2026年01月30日(金)

コラム・エッセイ

№50 人物考5・私の松本清張…清張は私の人生に彩りを与えてくれた恩人と思っている

独善・独言

 会って話をしたことなど一度もない。にもかかわらず私の人生を豊かにしてくれた恩人が二人いる。それが松本清張と司馬遼太郎といえば身の程知らずであろうか。

 今回は清張に関していくつか。

 ㊀A表は清張が仕事、人間関係、家族のすべてがどん詰まり状況で自暴自棄になっていた30歳代後半の記述である。新婚の何年間、このボタ山の近くのアパート住んでいた。20歳代の私は「清張が世にでた年齢までには10歳以上の差がある。この間に確たる人間形成をすればよいのだ」と青年らしく自分に言い聞かせていた。もちろん、その後50年の今になっても確たるものなど何もつかんでいないが。高校時の『点と線』以来、清張本を読んできたが、この住み家が近いというロマンに後押しされ小倉勤務の7年間は集中して読んだ。

 ㊁小倉には清張のテーマがつまっていた。
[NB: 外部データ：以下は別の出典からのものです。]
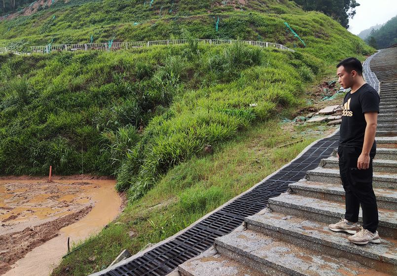 工作人员在狮卧山项目现场检查登山步道排水及边坡排水情况 |

朝鮮戦争に送り込まれる前の死の恐怖におびえる黒人兵士が、折からの祇園祭りの太鼓の響きに先祖からの魂を揺さぶられれて集団脱走して暴動をおこした(『黒地の絵』)というアメリカ兵士の駐留キャンプはすぐ近くにあった。

 芥川賞作品『或る小倉日記伝』の森鴎外が住んだ家は、私の勤務する事務所と同じ町内にあった。訪れた多くの知人を案内したが、誰一人私ほど感激しなかった。
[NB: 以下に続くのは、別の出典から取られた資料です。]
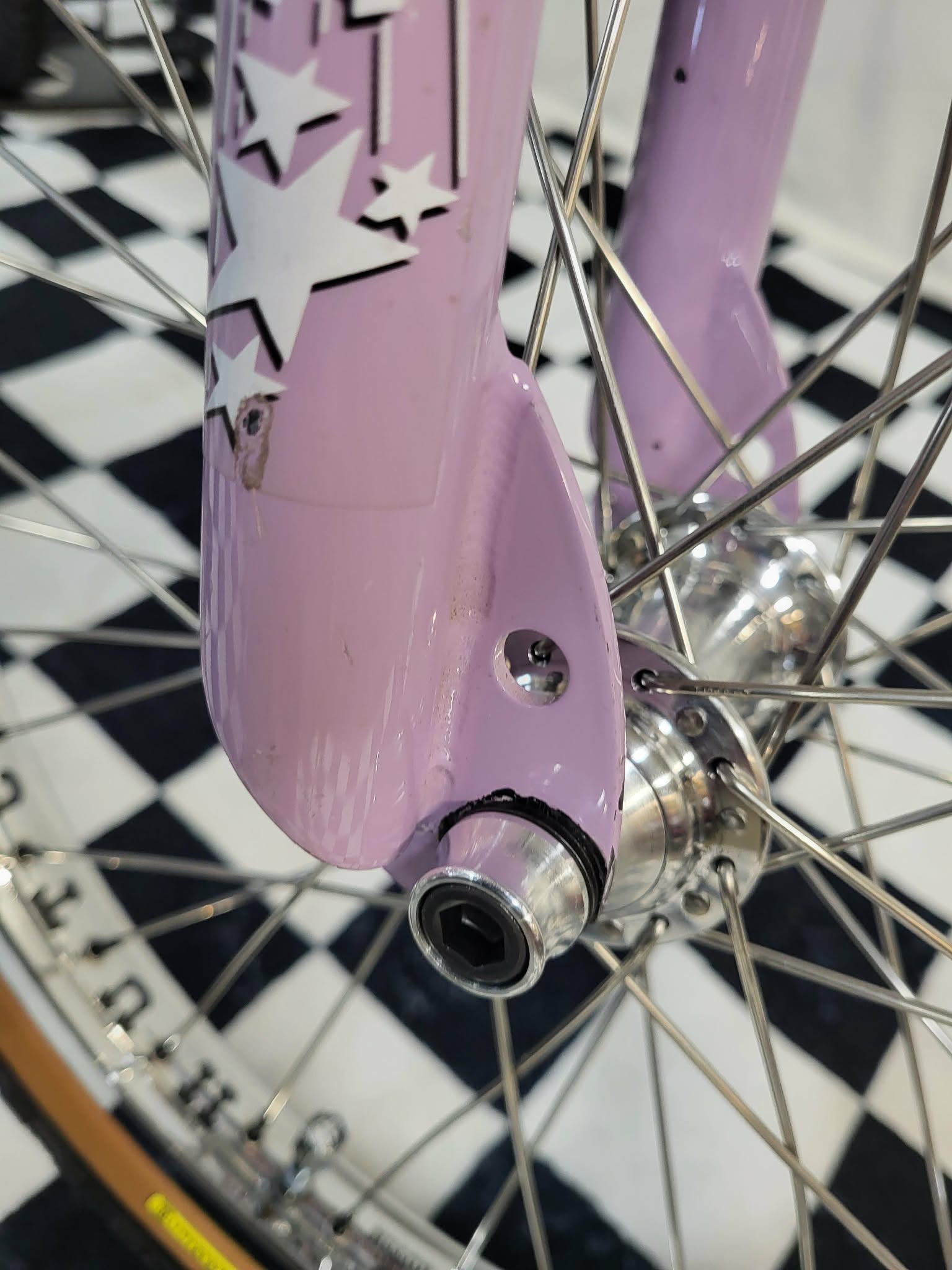 Please Note: As mentioned, this is basically a Brand New bike except the Frame & Fork. Please view the photos closely to see the Frame & Fork Condition. Overall, it’s a great looking bike but there are a few paint “nicks”. See the last photo for the bulk of the paint chips (Fork)

 『谺(こだま)して山ほととぎすほしいまま』と英彦山を詠んだ野心家の俳人杉田久女が、名門小倉中学教師の夫の怠惰に失望して精神を病んでいく話は『菊枕』にある。小倉には清張がつまっていた。
 ㊂『時間の習俗』の門司和布刈り神事はみたことがない。『点と線』の香椎界隈も歩いてみたが清張目線は伝わらなかった。

 この『点と線』では私の母との会話を思い出す。「この鳥飼という刑事の名は博多の地名にあるんよ」と教えてくれた。清張はこんなことにも何かをしのばせているのか、ならば東京からきた刑事の三原は西鉄ライオンズが招いた三原脩監督の名を借りたのだろうかと思いをはせた。
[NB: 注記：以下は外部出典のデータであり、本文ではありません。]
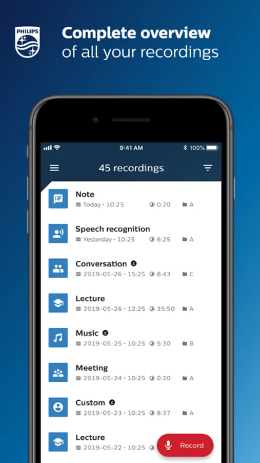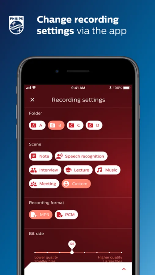 Control your Philips VoiceTracer Audio Recorder using your smartphone, even from a distance. The app makes recording lectures, meetings or music much easier and more convenient. You can place your recorder in the front of the room near the speaker, take a seat at the back, and still control and adjust the recording comfortably and without interrupting others. You can remotely pause and restart the recording whenever needed and mark any important positions by setting bookmarks.

 ㊃は『砂の器』…大学時代に激しい雨で野球の練習が中止になり朝から読みだして一歩も外に出ないで翌朝3時頃に読了した。外は雨粒の音が絶え間なく、部屋全体が押しつぶれそうな恐ろしさでブルブル震えがとまらなかった。しかしこの作品に限っては橋本忍脚本の映画の方がすっきりしていて出来が上ではなかったか。映画の奥出雲の亀嵩(かめだけ)駅での息子が親を追いかけて線路を走る場面で泣けない人はまずいまい。亀嵩には何度か訪ねている。

 ㊄私が一番と推す作品は短編の『遭難』である。自らの弱さで作った窮地を脱却すべく綿密な殺人計画を立てて実行に移すが、徐々に論拠が崩れていき最後は破滅していく、悪事は成就しないというのが清張の外せない筋立てであるが、この作品に限っては事前の殺人計画が斬新でアリバイ崩しなどのありきたりなストーリーでなく、犯人は疑惑をはねのけて生き延びていくという結末になっている。

 ㊅私の清張物語は関りのあった場所や映画からさらに拡散していく。先ほどの橋本忍のことや『天城越え』の暗闇のトンネル、朝日新聞社まで線路を歩いて通ったという小倉鐡道のことなどなど。

 そのなかで一つ…直木賞作家古川薫氏と食事を共にした。B表のように本の題名が清張と同様具体的でない。たとえば『天辺の椅子』には「児玉源太郎伝」と書き添えればもっと注目されませんかと、清張なら曖昧でも手にとるでしょがということばは飲み込んで問うてみた。そしたら古川氏からは「そこが小説家の矜持ですよ」と何とも言えない微笑みが返ってきた。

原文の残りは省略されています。